Though the Nazi personnel did not suffer dismemberment, all of the personnel in the south half of the cave received instantaneous third-degree burns. Then the wave of flame enveloped the helicopters and aviation fuel.

Av-gas became superheated. It burned, radiating a flash-temperature of three thousand degrees Centigrade. Every combustible object or substance — wood, hoses, insulated wires, tires, fuel, clothing, hair, skin fat — burst into flame.

In the center of the flames, the staff offices became the crematorium of the Nazi commanders and the handful of Guatemalan army officers who had betrayed their country to Unomundo's European doctrine.

The hired commandos sleeping in the steel barracks knew a few seconds of confusion and agony as they woke to red hot walls and superheated air. When they screamed at the shock of their waking nightmare, they scorched their lungs, and died choking seconds later. As the flames and heat continued, the glowing barracks baked the dead men's bodies. Fat flowed and burned, contributing to the inferno.

Mercenaries and technicians in the open felt only an instant of pain before their bodies became ash.

Outside, a few of the mercenaries near the mouth of the cavern turned to the roar. The heat-flash melted their faces. Others threw themselves down. Those near the fire received third-degree burns, their uniforms first smoking, then bursting into flame.
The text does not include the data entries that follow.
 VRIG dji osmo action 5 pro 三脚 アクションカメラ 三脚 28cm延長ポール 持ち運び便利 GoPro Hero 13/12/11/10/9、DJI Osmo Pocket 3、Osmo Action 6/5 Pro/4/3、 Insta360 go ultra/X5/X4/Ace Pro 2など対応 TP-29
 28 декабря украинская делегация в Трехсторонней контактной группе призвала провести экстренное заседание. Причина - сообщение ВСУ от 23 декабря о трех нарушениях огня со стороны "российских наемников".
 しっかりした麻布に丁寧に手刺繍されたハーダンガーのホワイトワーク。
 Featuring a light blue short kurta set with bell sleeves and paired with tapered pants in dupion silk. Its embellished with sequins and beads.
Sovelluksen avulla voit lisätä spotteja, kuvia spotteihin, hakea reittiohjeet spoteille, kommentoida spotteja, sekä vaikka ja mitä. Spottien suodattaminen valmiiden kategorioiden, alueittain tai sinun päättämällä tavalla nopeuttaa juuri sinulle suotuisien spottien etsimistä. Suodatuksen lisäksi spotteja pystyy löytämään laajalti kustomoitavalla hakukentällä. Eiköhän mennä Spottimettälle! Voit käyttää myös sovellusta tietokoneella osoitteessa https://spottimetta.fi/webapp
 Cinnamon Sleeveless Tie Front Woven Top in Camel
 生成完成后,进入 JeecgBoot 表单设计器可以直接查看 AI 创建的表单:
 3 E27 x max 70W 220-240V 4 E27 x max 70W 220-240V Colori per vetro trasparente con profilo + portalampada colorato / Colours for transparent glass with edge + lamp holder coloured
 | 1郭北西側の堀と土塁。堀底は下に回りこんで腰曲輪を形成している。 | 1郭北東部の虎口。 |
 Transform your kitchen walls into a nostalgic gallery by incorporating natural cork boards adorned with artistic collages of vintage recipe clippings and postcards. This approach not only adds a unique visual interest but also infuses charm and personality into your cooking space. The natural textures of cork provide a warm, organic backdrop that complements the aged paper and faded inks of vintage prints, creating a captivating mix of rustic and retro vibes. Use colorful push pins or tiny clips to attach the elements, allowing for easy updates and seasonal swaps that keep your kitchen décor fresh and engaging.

Unomundo sprawled under the corpses of three of his bodyguards. Stunned by a head wound caused by a .33-caliber steel ball that had punched through the head of one of his bodyguards to tear through his own left cheek and ear, Unomundo saw the diffused glare of the inferno. He did not suffer burns. The bodies of his guards had saved him. He heard screams, then autofire from a dozen rifles.

Knowing that his lifelong dream had been shattered only hours before he made it reality, he lay still. Now he plotted survival.

Heat searing their backs, Lyons and Nate sprinted into the shelter of the parked trucks and buses. A Quiche saw them, mistook them for mercenaries. As he raised his M-16, another Quiche knocked the rifle aside, a single shot ripping through the side of the bus.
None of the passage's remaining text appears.